Commissioned by the Fred Harvey Company, designed by Mary Colter, and completed in 1935, the log-and-stone Bright Angel Lodge offered canyon travelers alternative accommodation to the luxurious El Tovar. Just off the lobby is the History Room , a small museum devoted to Harvey, who, in conjunction with the Atchison, Topeka & Santa Fe Railway, transformed Grand Canyon into a popular tourist destination.
Today's Bright Angel is the latest in a series of incarnations that began after the first stagecoach arrived at the South Rim from Flagstaff on May 19, 1892. When train service to the canyon looked inevitable, James Thurber relocated his Flagstaff-Grand Canyon stagecoach line to the head of the Bright Angel Trail and opened Bright Angel Hotel and Camps. He sold the property to Williams hotelier Martin Buggein in 1901, but because neither man made a formal claim to the land upon which the hotel stood, the Atchison, Topeka and Santa Fe Railway enveloped the site as part of its 20-acre depot; upon completion of the railroad's luxury El Tovar in 1905, the railroad bought Buggein's share of Bright Angel and upgraded his accommodation.

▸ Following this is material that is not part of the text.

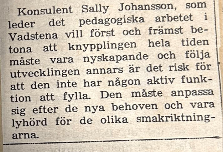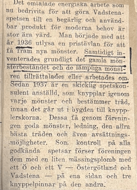 Varför är det då ont om mandlar i modernare spetsar? Ett svar är att många upplever dem som svåra att knyppla. Tänk då så här – om du häller ut alla mandlar ur en påse och tittar på dem så är alla inte lika! Om naturen kan variera utseendet på en mandel så kan du! Om vi backar bandet så var inställningen till en spets utseende annorlunda inom den traditionella Vadstenaknypplingen än den inställning som smög sig på från 1930-talet och framåt. Tidigare var det en självklarhet att 2 olika personer knypplade på sitt sätt – även om de följde mönstret hade de lite olika sätt att ta sig fram. Man får även tänka på att man inte hade några beskrivningar. Något annat att tänka på var att tillgång på garn var på ett annat sätt. Vad hände då? Jo ibland kunde en spets se lite mer kompakt ut om garnet var lite tjockare och ibland kunde den tvärtom se lite gles ut. Klart att man hade en bild av vad som vore det vackraste, men samhället var annorlunda t.ex. vad det gällde tillgång av material. I ett försök att ”räta upp” och välja ut lämpliga mönster genomfördes 1936 en tävling. Denna tävling innebar att en mängd mönster kunde ha försvunnit från arenan. Som framgår av urklippet nedan medförde denna tävling en potentiell stor utrensning på mönster.

On the lodge grounds is the Buckey O’Neill Cabin. Built in the 1890s by William Owen O’Neill, the cabin is the longest continually standing building on the rim. Nicknamed ‘Buckey’ because he ‘bucked the odds’ in a card game, O’Neill moved to Arizona in 1879 and worked as an author, journalist, miner, politician and judge. In 1897 he raised money for and became president of the Santa Fe and Grand Canyon Railroad Co, and was a significant force behind the railroad's arrival to the South Rim in 1901. In 1898, he joined Teddy Roosevelt’s Rough Riders in the Spanish American War and died at age 38 the day before the assault on San Juan Hill. Today, the lucky few who make reservations well in advance can stay in his cabin.